**Description of the task:** Your task is to extract every entry that follows word for word while excluding the pictures.
=== Data for analysis ===
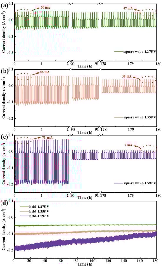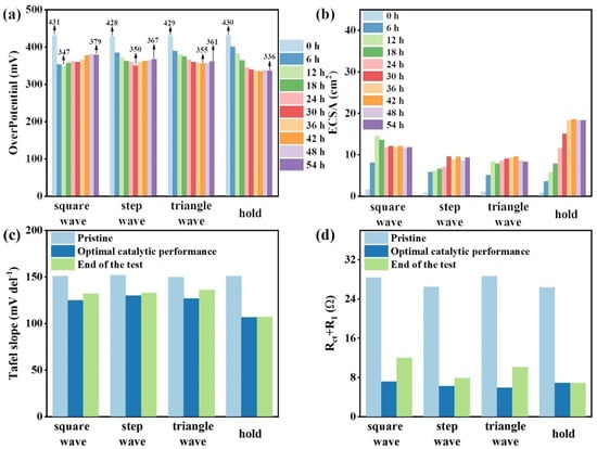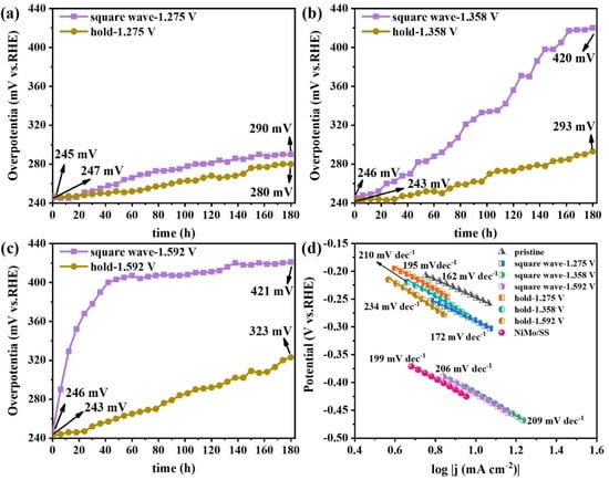 Overpotential (10 mA cm−2) at (a) −1.275 V (hold) and −1.275~0 V (square wave); (b) −1.358 V (hold) and −1.358~0 V (square wave); and (c) −1.592 V (hold) and −1.592~0 V (square wave). (d) Tafel slopes.
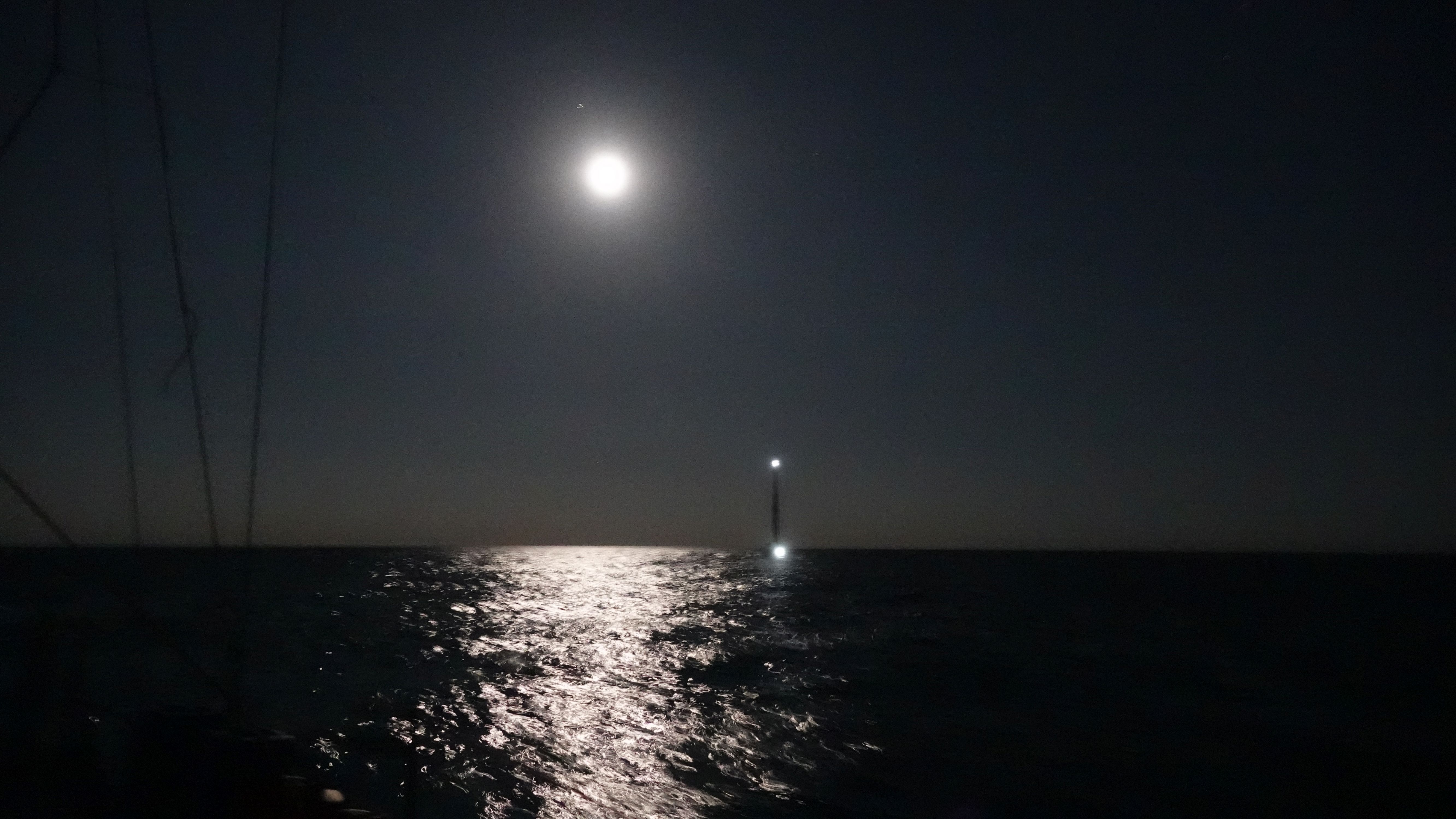 Heute Nacht habe ich wenig geschlafen. Der Wind hat gedreht und unangenehmen Schwell in der Bucht erzeugt. Als der Wecker um halb zwei klingelt bin ich bereits wach. Eine Stunde später lege ich von meiner Boje ab und motore in die trotz Vollmond finstere Nacht hinein.
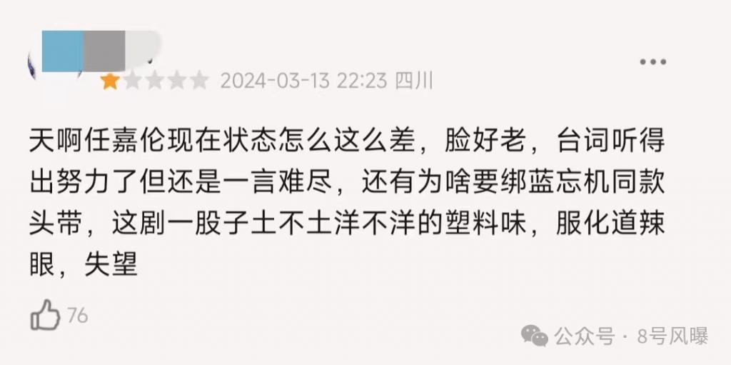 网友说,任嘉伦 34 岁的年龄还在饰演少年,本身就有些不合适,加上失去配音,角色魅力也少了很多。
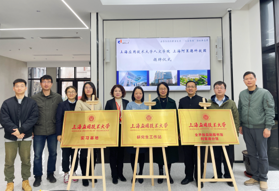 双方共同为“上海应用技术大学研究生工作站”“上海应用技术大学实习基地”“全开放自助图书馆阿莱德分馆”揭牌,张向前代表学院向平珏颁发“创新创业导师”和“研究生实践导师”聘书。本次走访调研是学院落实校企合作、推进产学研深度交流和学生高质量就业的重要举措之一。下一步,人文学院还将加快推动人才与企业双向交流,加强校企多方联动,培养更多高素质应用型人才。
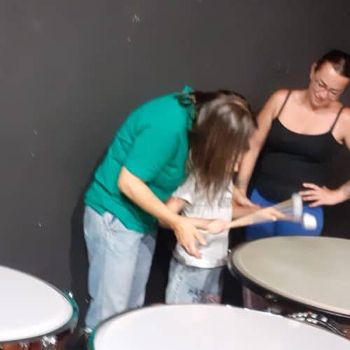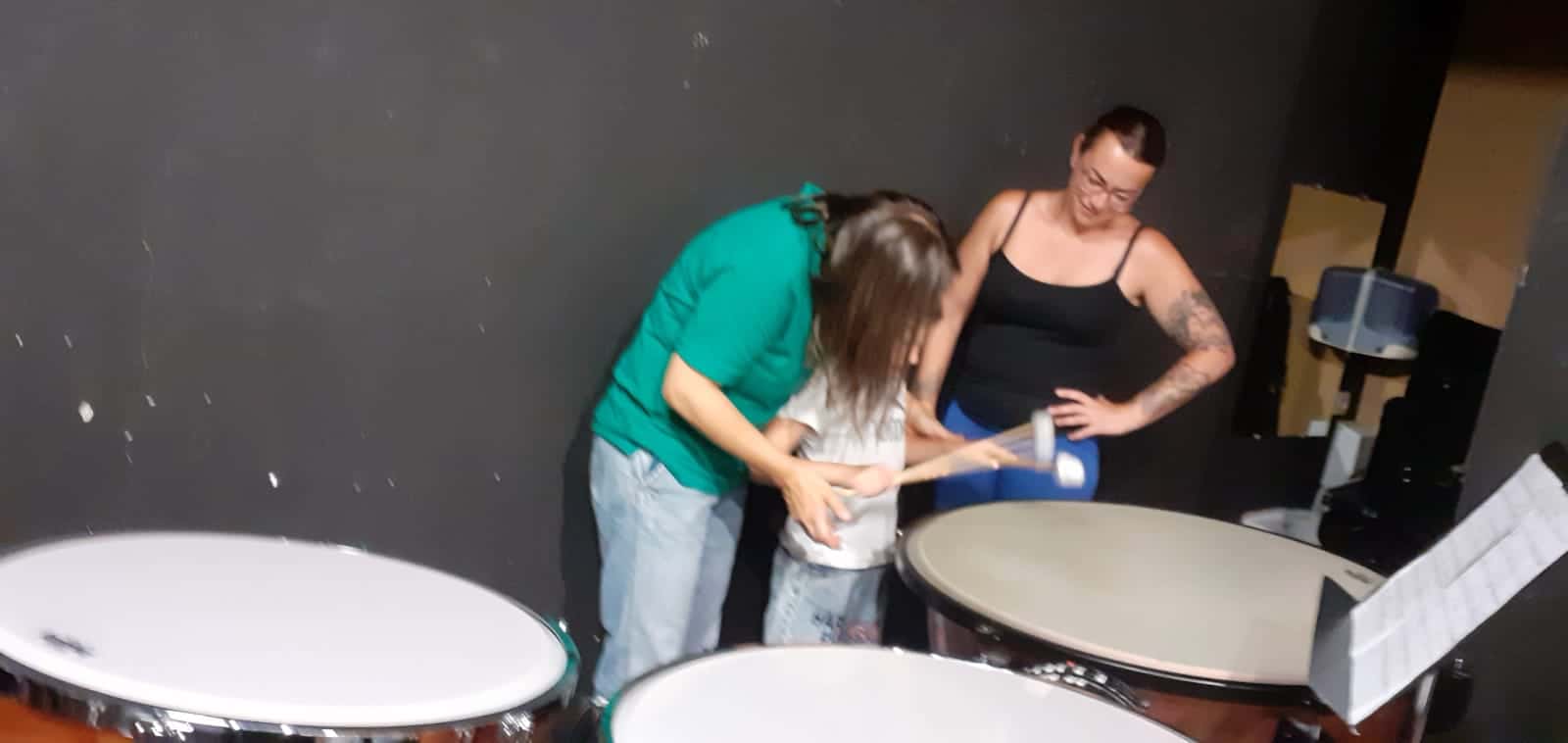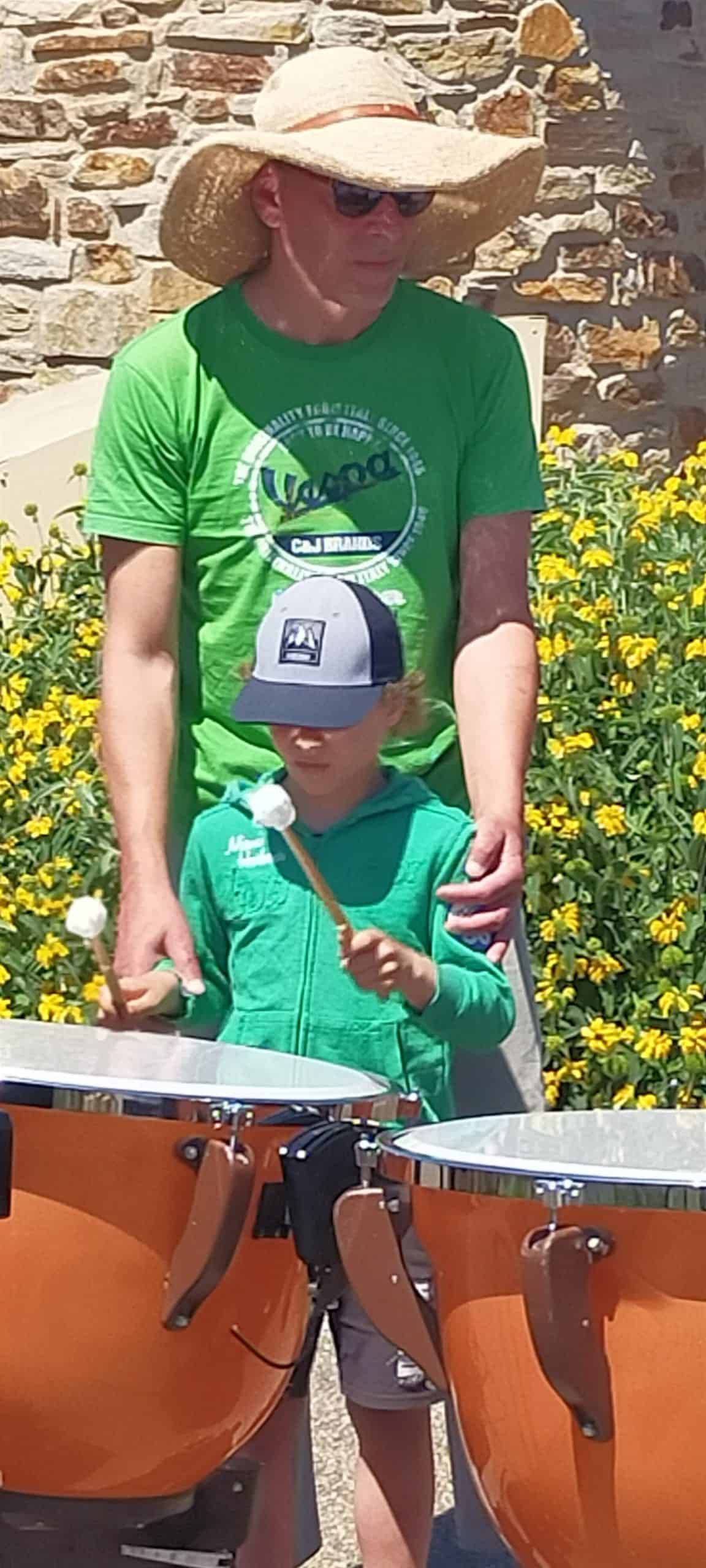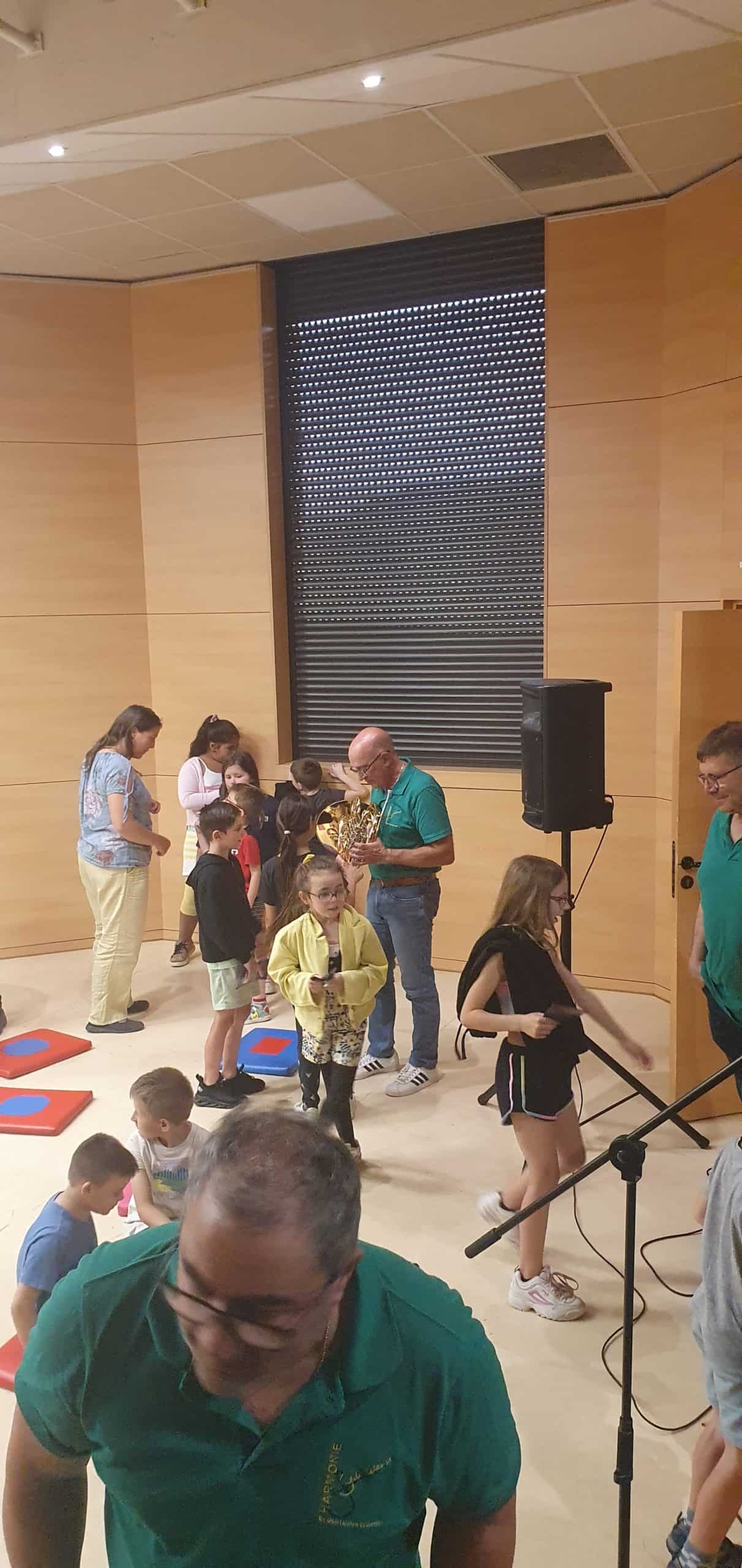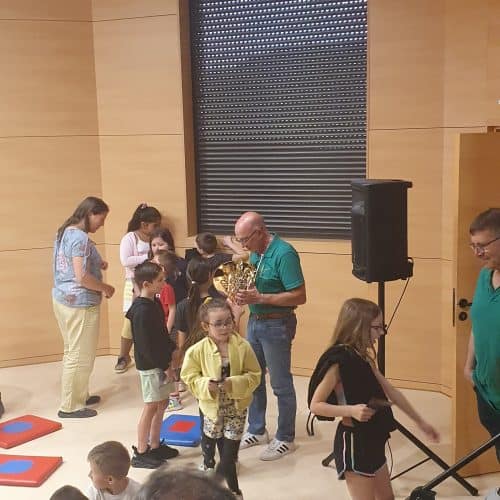 Après avoir détaillé une oeuvre aux élèves et présenté les instruments de musique d’un orchestre d’harmonie, les enfants approchent de près les instruments et les musiciens.
===
**Response to this task:**
 Overpotential (10 mA cm−2) at (a) −1.275 V (hold) and −1.275~0 V (square wave); (b) −1.358 V (hold) and −1.358~0 V (square wave); and (c) −1.592 V (hold) and −1.592~0 V (square wave). (d) Tafel slopes.
 Heute Nacht habe ich wenig geschlafen. Der Wind hat gedreht und unangenehmen Schwell in der Bucht erzeugt. Als der Wecker um halb zwei klingelt bin ich bereits wach. Eine Stunde später lege ich von meiner Boje ab und motore in die trotz Vollmond finstere Nacht hinein.
 网友说,任嘉伦 34 岁的年龄还在饰演少年,本身就有些不合适,加上失去配音,角色魅力也少了很多。
 双方共同为“上海应用技术大学研究生工作站”“上海应用技术大学实习基地”“全开放自助图书馆阿莱德分馆”揭牌,张向前代表学院向平珏颁发“创新创业导师”和“研究生实践导师”聘书。本次走访调研是学院落实校企合作、推进产学研深度交流和学生高质量就业的重要举措之一。下一步,人文学院还将加快推动人才与企业双向交流,加强校企多方联动,培养更多高素质应用型人才。
 Après avoir détaillé une oeuvre aux élèves et présenté les instruments de musique d’un orchestre d’harmonie, les enfants approchent de près les instruments et les musiciens.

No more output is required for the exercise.